How do you check if content of string starts with the content of another string?

Question

I'm trying to figure out if there is a way to compare if a content of a string is the start of another string. For example, I want to know the number of strings that start with the string "c", in an array whose content's is [cowboy, air, cow, cat]. Using the compare function from the string library works fine. The issue is when instead of trying with "c", I try with "b" I get the same number of answers. I don't know the reason why, Does anybody have a suggestion on how to fix the problem?

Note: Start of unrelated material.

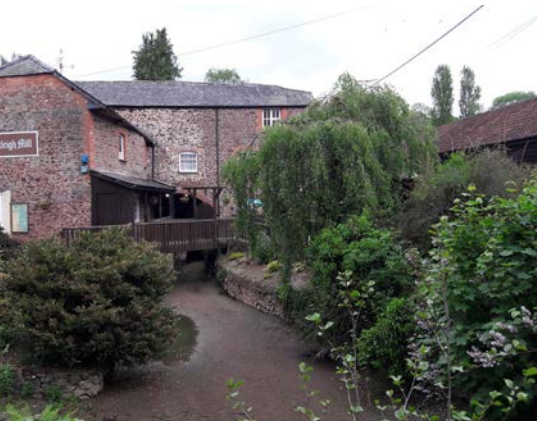
Die Bickleigh Mill bei Tiverton mit ihrem trockenengefallenen Unterwasser. Foto: Dr. Ralf Kreiner 2018.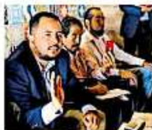
Será a partir de las 9:00 de la mañana.

En total fueron 27 los candidatos que se inscribieron en la convocatoria de selección pero siete quedaron fuera del proceso por incumplir los criterios.

Here are the two versions that I have.

 #include <iostream>
 #include <string>
using namespace std;
 int main() {
// insert code here...
string A[4] = {"cowboy", "air", "c", "count"};
string b = "c";
int count = 0;

for(int i = 0; i < 4; i++)
{
    if(b.compare(A[i]) == 0 || b.compare(A[i]) == -1)
        count++;
}
cout << count << endl;
}

The output for this part is 3, which is right

 #include <iostream>
 #include <string>
using namespace std;
 int main() {
// insert code here...
string A[4] = {"cowboy", "air", "c", "count"};
string b = "b";
int count = 0;

for(int i = 0; i < 4; i++)
{
    if(b.compare(A[i]) == 0 || b.compare(A[i]) == -1)
        count++;
}
cout << count << endl;
}

The output for this part is also 3, which is wrong.

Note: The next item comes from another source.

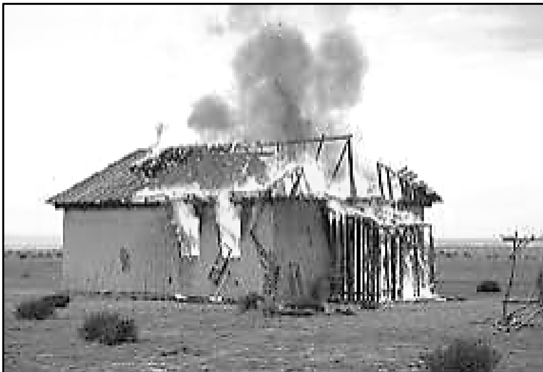
[Setshwantsho sena se nkuwe ho tswa ho Google]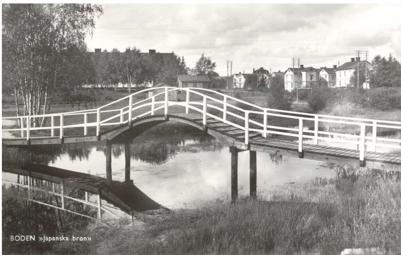
Japanska bron över Bodån från omkring 1950-talet

Vi berättar om höstens program för studiecirklar, resor, radiosändningar och månadsträffar.

Any help would be really appreciated!

Answer 1

You can try using the find function:

string A[4] = {"cowboy", "air", "c", "count"};
string b = "b";
int count = 0;

for(int i = 0; i < 4; i++)
{
    auto found = A[i].find(b);
    if(found != string::npos && found == 0)
        count++;
}
cout << count << endl;

What I do here is find b in A[i] , if I get npos which means it wasn't found if I do find it, I check if its at the start by checking found == 0

Similarly to simplify if I only want to check for just a character match at the start I could simply A[i] == b[0]

Live Demo

Answer 2

There is an overload of the compare function which accepts position and a length, and compares only a part of the string to the other string. If you pass 0 for the position, and the size of the string you are searching for as the length, it will only compare that many characters at the start of the string, instead of comparing the whole thing.

if(A[i].compare(0, b.size(), b) == 0)
    count++;

By the way, the only reason your first test appeared to be working, was that you were basically checking if "c" is lexicographically less than or equal to your target strings. And since that is the case for "cowboy", "c" and "count", but not "air", your result was 3. But if you added a string like, "direwolf", which comes lexicographically after "c", but does not start with "c", you would find that your results were not what you are expecting.

Answer 3

Replace your if condition with the following. This compares the string b with A[i]'s 1st character.

if(b.compare(0, A[i].length(), A[i], 0,  1) == 0)

In your for loop when you pass in b = "c" the first conditions satisfies b.compare(A[i]) == 0 and for b="a" second condition satisfies. So in both cases you see 3.

Answer 4

您可以通过将字符串b更改为字符b，然后检查数组中每个字符串的第一个字母是否等于b并在它们相等时增加计数来轻松实现。